Moreover, there was no influence of any of the Brassicaceae crops on the oomycete communities during trial 2 that we observed, despite following identical experimental protocols and using the same agricultural management practices and inputs. The disparate observations between the two field trials could have been due to the environmental conditions being 6 times drier during trial 2: 55.0 mm of precipitation versus 328.4 mm in trial 1 (4). The Brassicaceae host plants appeared to be restricted in growth due to the dry conditions (Fig. S3), which would also constrain their nutrient uptake from the soil and rhizodeposition (22). Therefore, if the reciprocal plant-soil microbial community feedback was impaired due to the availability of water, it could account for the absent influence of the Brassicaceae hosts on the oomycete communities in Trial 2.
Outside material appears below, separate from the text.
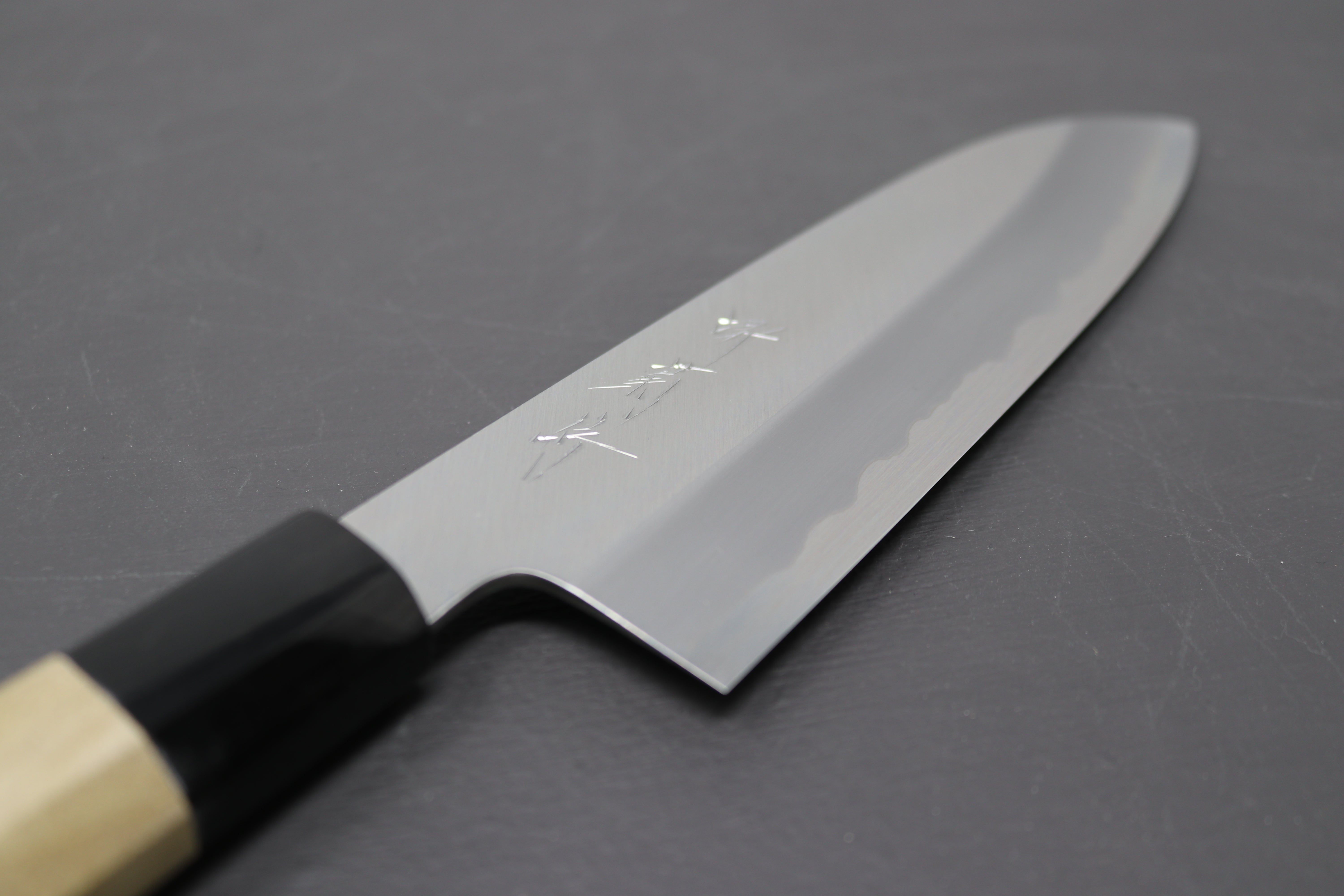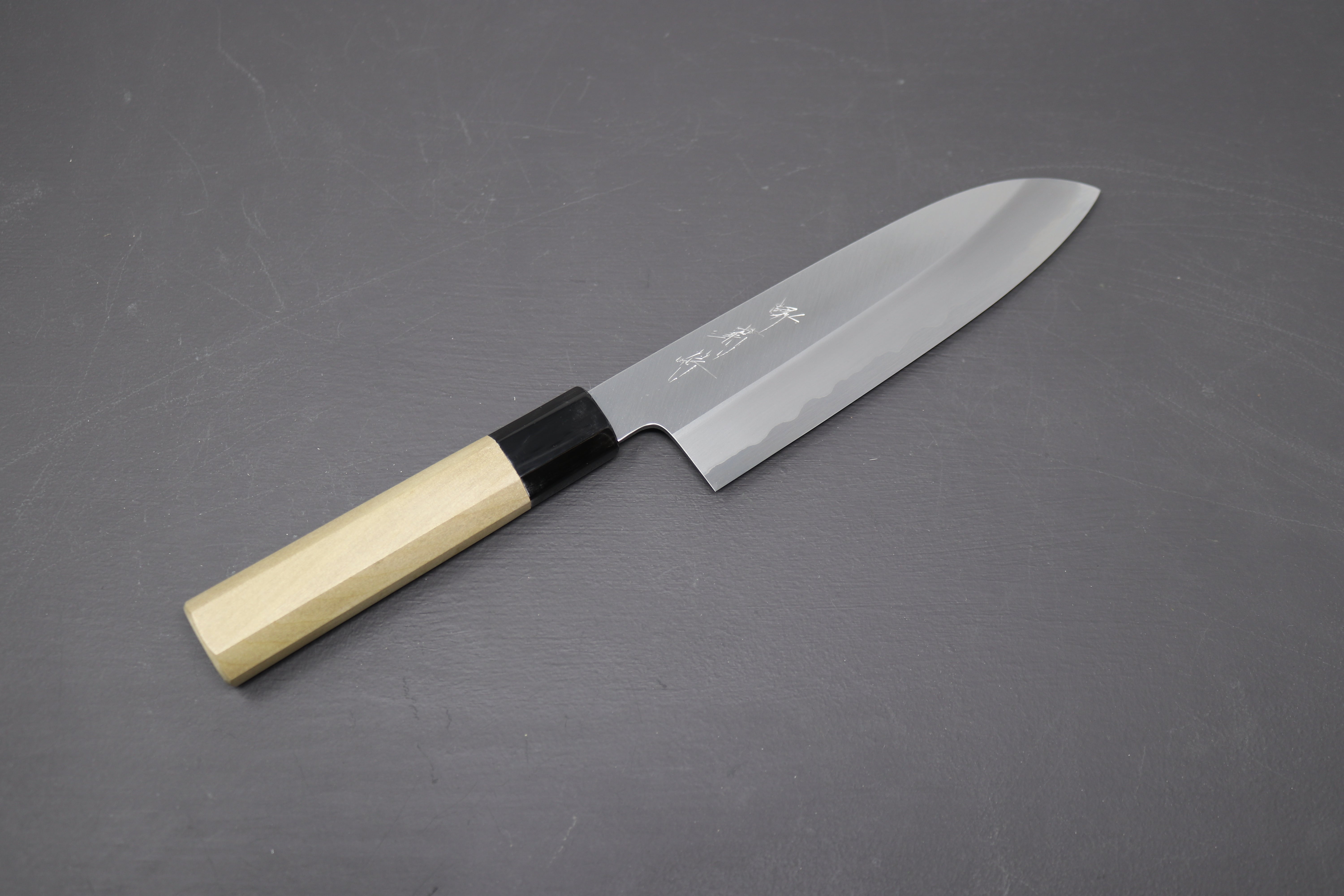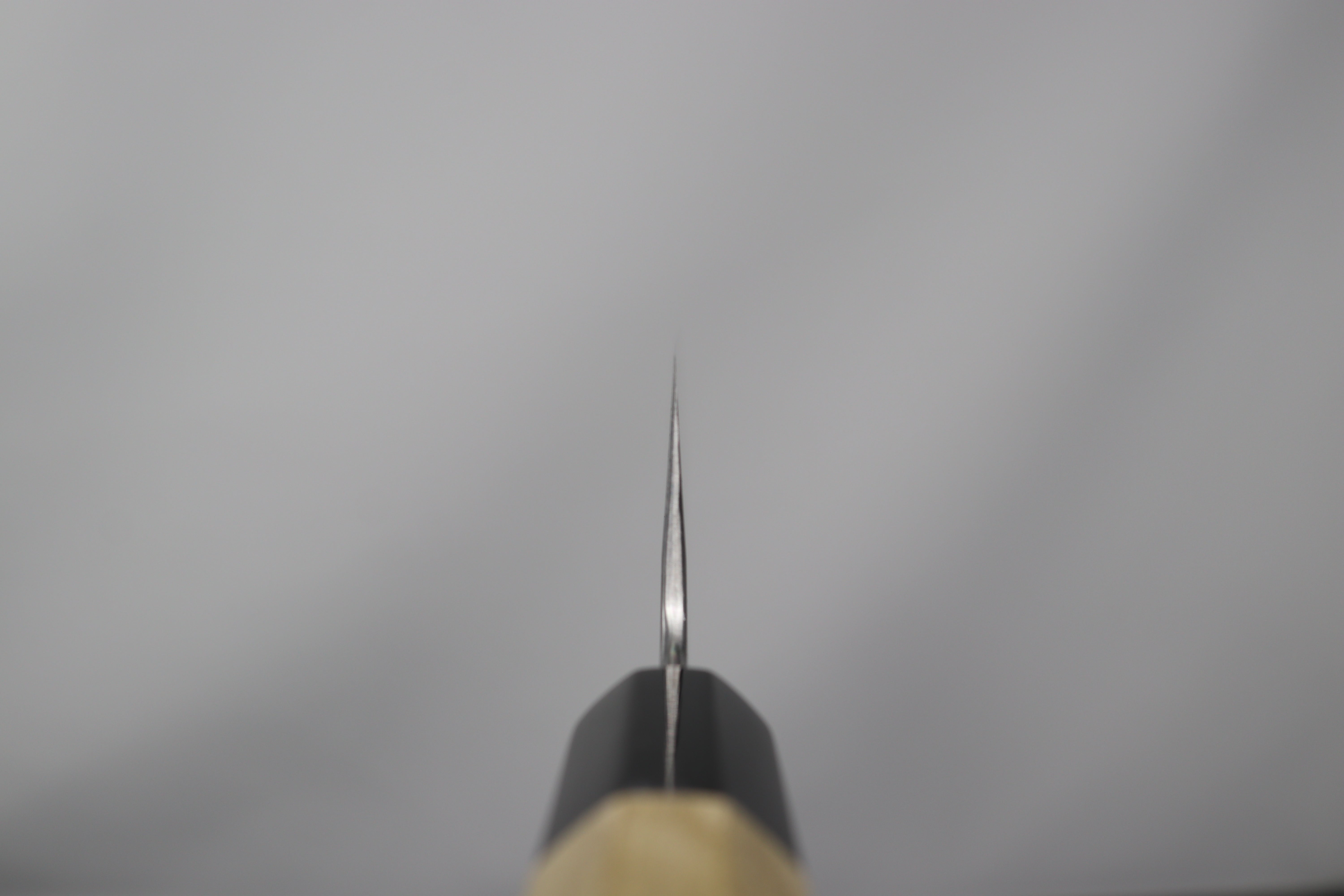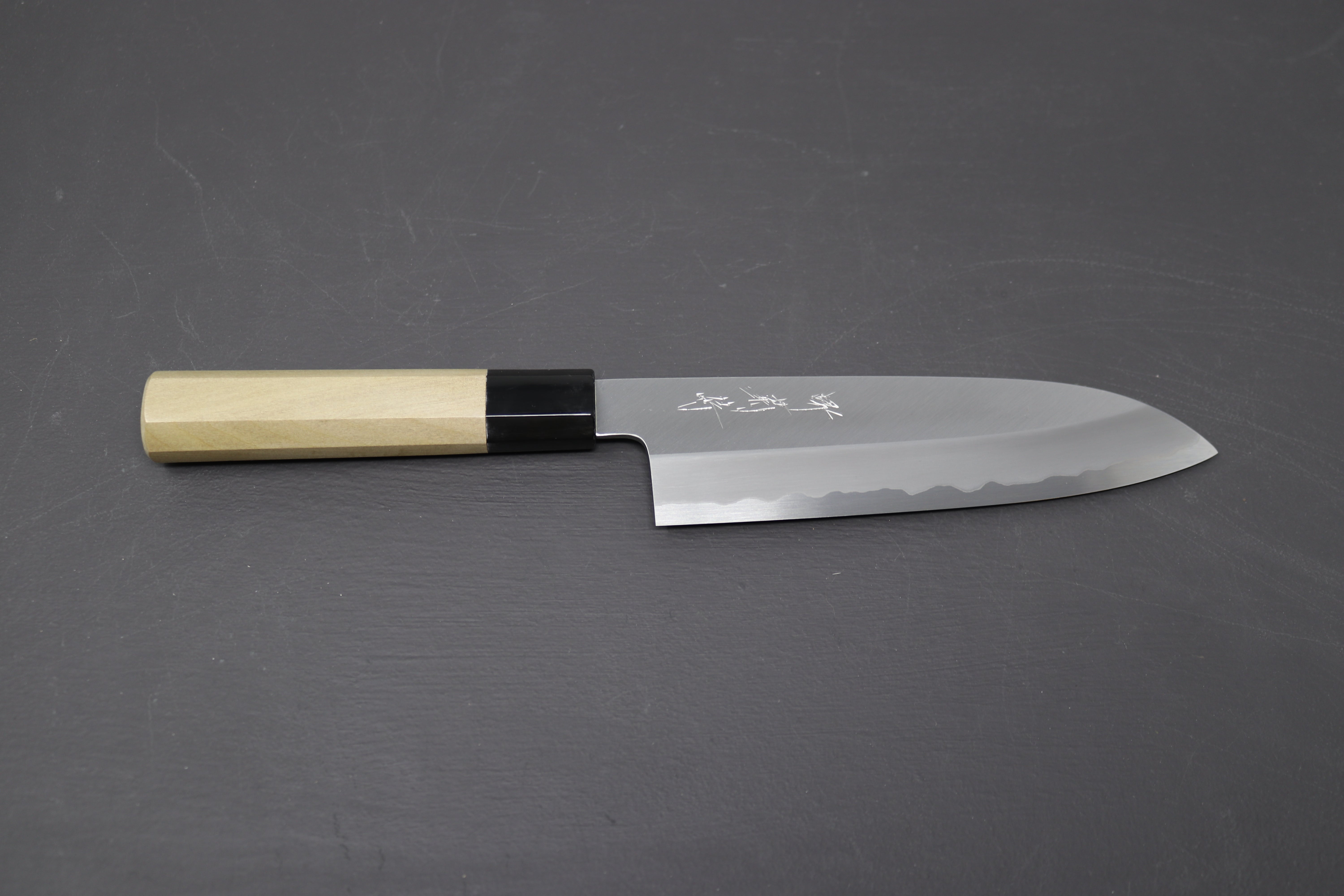 Santoku: A well-rounded knife that can accomplish a lot of cutting tasks. The santoku is the most common knife shape you’ll find in kitchens worldwide and it excels at slicing, dicing, and mincing. Think of it as a cross between a Gyuto (chef knife) and Nakiri (veg knife). Generally short in length, 160mm-190mm, the santoku is a superb knife if work space is an issue.

The drier conditions of field trial 2 may also have had an impact on the oomycete community itself. Oomycetes prefer high soil moisture for motility, subsequent infection, and growth and the completion of their life cycle (51, 52, 62, 63). Our data demonstrated a similar community composition between both field trails, though with reductions in sequencing reads and diversity in trial 2. This could be evidence for how the drier conditions impacted the community. Quantifying community sizes could help determine this in future experiments.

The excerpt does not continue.